DATASET EXTRACT:
= = = = = = =
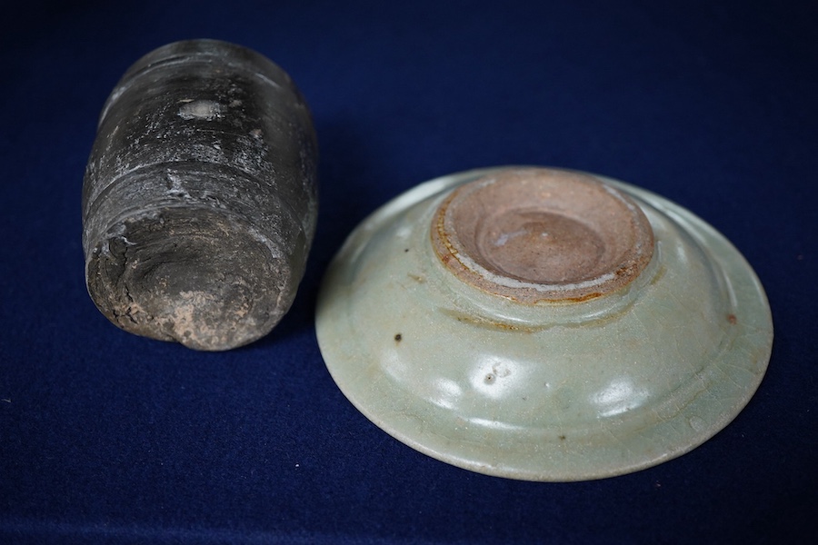 A Yuan green pottery glazed dish and bucket - 10cm high
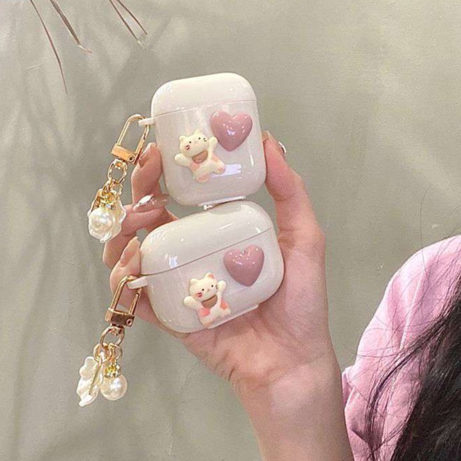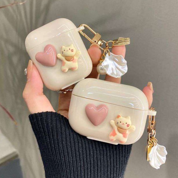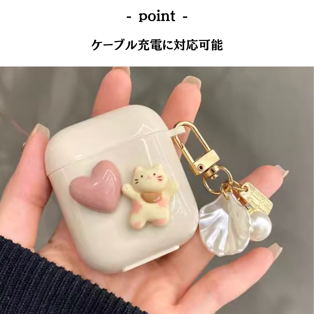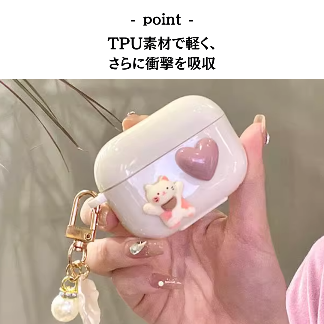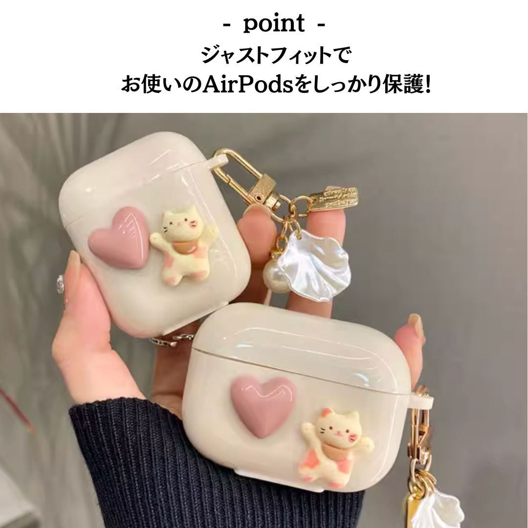 ハートとねこの立体装飾が特徴的なAirpodsケース。Pro対応の保護カバーで機能性も充実。
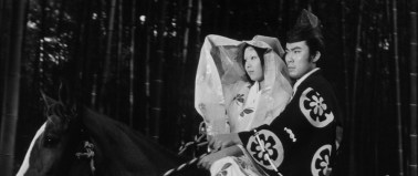 Kuroneko is an unusual anti-war film for 1968 and not just because it’s in black and white. After all, the frenetic madness that is Koreyoshi Kurahara’s 1964 Black Sun is a black and white film. And Black Sun is very much a part of an international cinematic movement showing how angry, rebellious and nihilistic the kids felt in the 1960s as a jazz crazy and insensitive young Japanese man gets it in his head to take a dying African-American GI (Chico Roland) on a road trip. But Kuroneko is a ghost story that seems much more of the immediate post-war era of the 1940s and 1950s–humanistic, historical period pieces that are more oblique in their social messages. At the time, eerie cat demon ladies or no, Kuroneko must’ve seemed just a little bit square compared to something like Black Sun, and just not able to compete with the lurid Technicolor horror of even earlier films like Nakagawa’s Jigoku and Tokaido Yotsuya Kaidan (1959), but Kuroneko has an enduringly eerie quality. In Kuroneko, Shindo combines the grounded, realism of his own post-war films, like the heart-breaking Children of Hiroshima (1953), with a very stylized, formalist atmospheric horror straight out of Japanese traditional theater. Which is fitting, what with ghost stories being so central to the Japanese theater tradition. Nakamura Kichiemon II, who plays Gintoki, was even a kabuki performer and, until his death in 2021, a National Living Treasure of Japan.
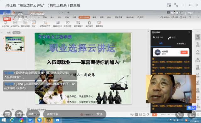 4月23日晚,由学生发展中心主办的“职业选择”云讲坛系列活动在钉钉信息化平台启动,齐市龙沙区武装部政委尚晓伟应邀为300余名应届毕业生作“入伍即就业”专题报告。
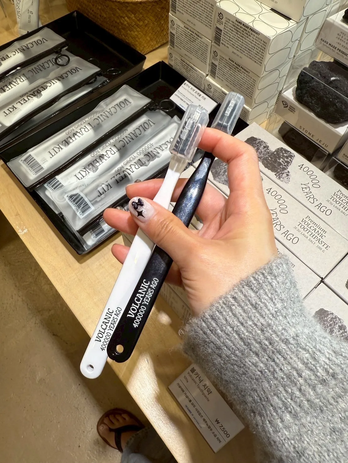 火山泥牙膏,有白色和黑色牙刷,隨機出貨
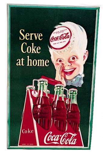 30"x50" great image and color and graphics with Sprite Boy and 6 pack. Nice appearance overall. A little restoration upper right and lower left corners, as well as along 2' long central crease that runs vertically down from the top for 18". Otherwise, only light surface marks, minor wear, light soiling and a mild border stain on the left side and minor edge wear. Cond. 8.2-8.4 but displays much more powerfully.
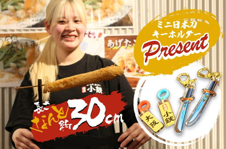 全長30センチを超える『名刀小鉄串』は、日本の刀をモチーフにしたインパクト抜群の名物串カツ。テーブルに運ばれた瞬間に視線を集め、写真を撮りたくなる一本です。さらにミニ日本刀キーホルダー付きで、食事のあとも旅の記念としてお持ち帰りいただけます。ボリュームもあり、仲間とシェアして楽しめる、日本の食とカルチャーを味わえる串カツです。
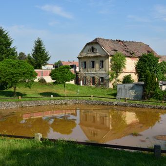 Podstavec vylomeného kříže na jižním okraji Koporeče
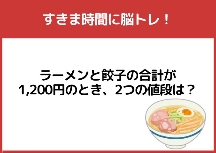 3. すきま時間に脳トレ!「ラーメンと餃子の合計が1,200円のときの2つの値段」は?
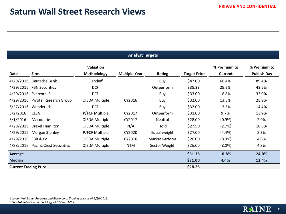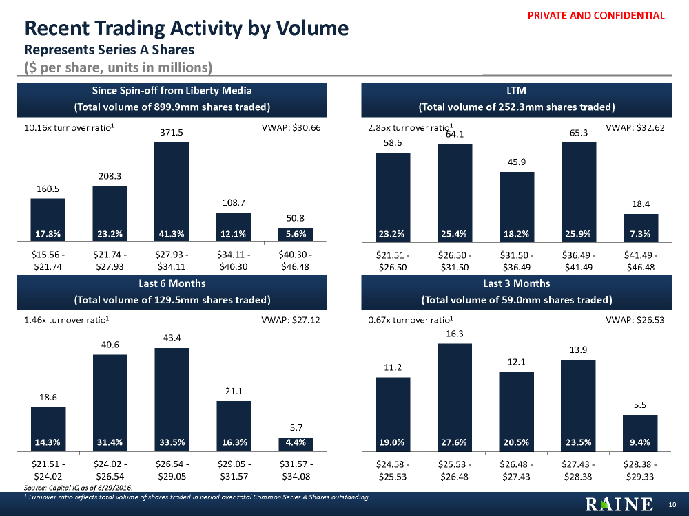 PRIVATE AND CONFIDENTIAL 58.6 64.1 45.9 65.3 18.4 $21.51 - $26.50 $26.50 - $31.50 $31.50 - $36.49 $36.49 - $41.49 $41.49 - $46.48 18.6 40.6 43.4 21.1 5.7 $21.51 - $24.02 $24.02 - $26.54 $26.54 - $29.05 $29.05 - $31.57 $31.57 - $34.08 11.2 16.3 12.1 13.9 5.5 $24.58 - $25.53 $25.53 - $26.48 $26.48 - $27.43 $27.43 - $28.38 $28.38 - $29.33 160.5 208.3 371.5 108.7 50.8 $15.56 - $21.74 $21.74 - $27.93 $27.93 - $34.11 $34.11 - $40.30 $40.30 - $46.48 Since Spin-off from Liberty Media (Total volume of 899.9mm shares traded) LTM (Total volume of 252.3mm shares traded) Last 6 Months (Total volume of 129.5mm shares traded) Last 3 Months (Total volume of 59.0mm shares traded) Source: Capital IQ as of 6/29/2016. 1 Turnover ratio reflects total volume of shares traded in period over total Common Series A Shares outstanding. 10 Recent Trading Activity by Volume Represents Series A Shares ($ per share, units in millions) VWAP: $30.66 VWAP: $26.53 VWAP: $27.12 VWAP: $32.62 10.16x turnover ratio1 1.46x turnover ratio1 0.67x turnover ratio1 19.0% 27.6% 20.5% 23.5% 9.4% 23.2% 25.4% 18.2% 25.9% 7.3% 17.8% 23.2% 41.3% 12.1% 5.6% 2.85x turnover ratio1 14.3% 31.4% 33.5% 16.3% 4.4%
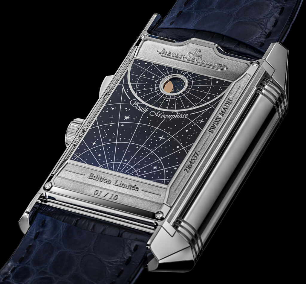 This is the most complicated Reverso model Jaeger-LeCoultre has ever made, and it has four dials and eleven complications. For comparison, the previous most complex Reverso, the Reverso Grande Complication à Triptyque, had three dials and eight complications, making it relatively pedestrian compared to this.
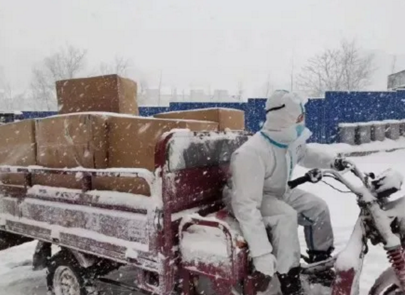 用三輪車裝載防疫物資
= = = = = = =
INSTRUCTIONS FOR THE TASK:
The data above should be set down again exactly, with the pictures omitted.

SOLUTION TO THE EXERCISE:
 A Yuan green pottery glazed dish and bucket - 10cm high
 ハートとねこの立体装飾が特徴的なAirpodsケース。Pro対応の保護カバーで機能性も充実。
 Kuroneko is an unusual anti-war film for 1968 and not just because it’s in black and white. After all, the frenetic madness that is Koreyoshi Kurahara’s 1964 Black Sun is a black and white film. And Black Sun is very much a part of an international cinematic movement showing how angry, rebellious and nihilistic the kids felt in the 1960s as a jazz crazy and insensitive young Japanese man gets it in his head to take a dying African-American GI (Chico Roland) on a road trip. But Kuroneko is a ghost story that seems much more of the immediate post-war era of the 1940s and 1950s–humanistic, historical period pieces that are more oblique in their social messages. At the time, eerie cat demon ladies or no, Kuroneko must’ve seemed just a little bit square compared to something like Black Sun, and just not able to compete with the lurid Technicolor horror of even earlier films like Nakagawa’s Jigoku and Tokaido Yotsuya Kaidan (1959), but Kuroneko has an enduringly eerie quality. In Kuroneko, Shindo combines the grounded, realism of his own post-war films, like the heart-breaking Children of Hiroshima (1953), with a very stylized, formalist atmospheric horror straight out of Japanese traditional theater. Which is fitting, what with ghost stories being so central to the Japanese theater tradition. Nakamura Kichiemon II, who plays Gintoki, was even a kabuki performer and, until his death in 2021, a National Living Treasure of Japan.
 4月23日晚,由学生发展中心主办的“职业选择”云讲坛系列活动在钉钉信息化平台启动,齐市龙沙区武装部政委尚晓伟应邀为300余名应届毕业生作“入伍即就业”专题报告。
 火山泥牙膏,有白色和黑色牙刷,隨機出貨
 30"x50" great image and color and graphics with Sprite Boy and 6 pack. Nice appearance overall. A little restoration upper right and lower left corners, as well as along 2' long central crease that runs vertically down from the top for 18". Otherwise, only light surface marks, minor wear, light soiling and a mild border stain on the left side and minor edge wear. Cond. 8.2-8.4 but displays much more powerfully.
 全長30センチを超える『名刀小鉄串』は、日本の刀をモチーフにしたインパクト抜群の名物串カツ。テーブルに運ばれた瞬間に視線を集め、写真を撮りたくなる一本です。さらにミニ日本刀キーホルダー付きで、食事のあとも旅の記念としてお持ち帰りいただけます。ボリュームもあり、仲間とシェアして楽しめる、日本の食とカルチャーを味わえる串カツです。
 Podstavec vylomeného kříže na jižním okraji Koporeče
 3. すきま時間に脳トレ!「ラーメンと餃子の合計が1,200円のときの2つの値段」は?
 PRIVATE AND CONFIDENTIAL 58.6 64.1 45.9 65.3 18.4 $21.51 - $26.50 $26.50 - $31.50 $31.50 - $36.49 $36.49 - $41.49 $41.49 - $46.48 18.6 40.6 43.4 21.1 5.7 $21.51 - $24.02 $24.02 - $26.54 $26.54 - $29.05 $29.05 - $31.57 $31.57 - $34.08 11.2 16.3 12.1 13.9 5.5 $24.58 - $25.53 $25.53 - $26.48 $26.48 - $27.43 $27.43 - $28.38 $28.38 - $29.33 160.5 208.3 371.5 108.7 50.8 $15.56 - $21.74 $21.74 - $27.93 $27.93 - $34.11 $34.11 - $40.30 $40.30 - $46.48 Since Spin-off from Liberty Media (Total volume of 899.9mm shares traded) LTM (Total volume of 252.3mm shares traded) Last 6 Months (Total volume of 129.5mm shares traded) Last 3 Months (Total volume of 59.0mm shares traded) Source: Capital IQ as of 6/29/2016. 1 Turnover ratio reflects total volume of shares traded in period over total Common Series A Shares outstanding. 10 Recent Trading Activity by Volume Represents Series A Shares ($ per share, units in millions) VWAP: $30.66 VWAP: $26.53 VWAP: $27.12 VWAP: $32.62 10.16x turnover ratio1 1.46x turnover ratio1 0.67x turnover ratio1 19.0% 27.6% 20.5% 23.5% 9.4% 23.2% 25.4% 18.2% 25.9% 7.3% 17.8% 23.2% 41.3% 12.1% 5.6% 2.85x turnover ratio1 14.3% 31.4% 33.5% 16.3% 4.4%
 This is the most complicated Reverso model Jaeger-LeCoultre has ever made, and it has four dials and eleven complications. For comparison, the previous most complex Reverso, the Reverso Grande Complication à Triptyque, had three dials and eight complications, making it relatively pedestrian compared to this.
 用三輪車裝載防疫物資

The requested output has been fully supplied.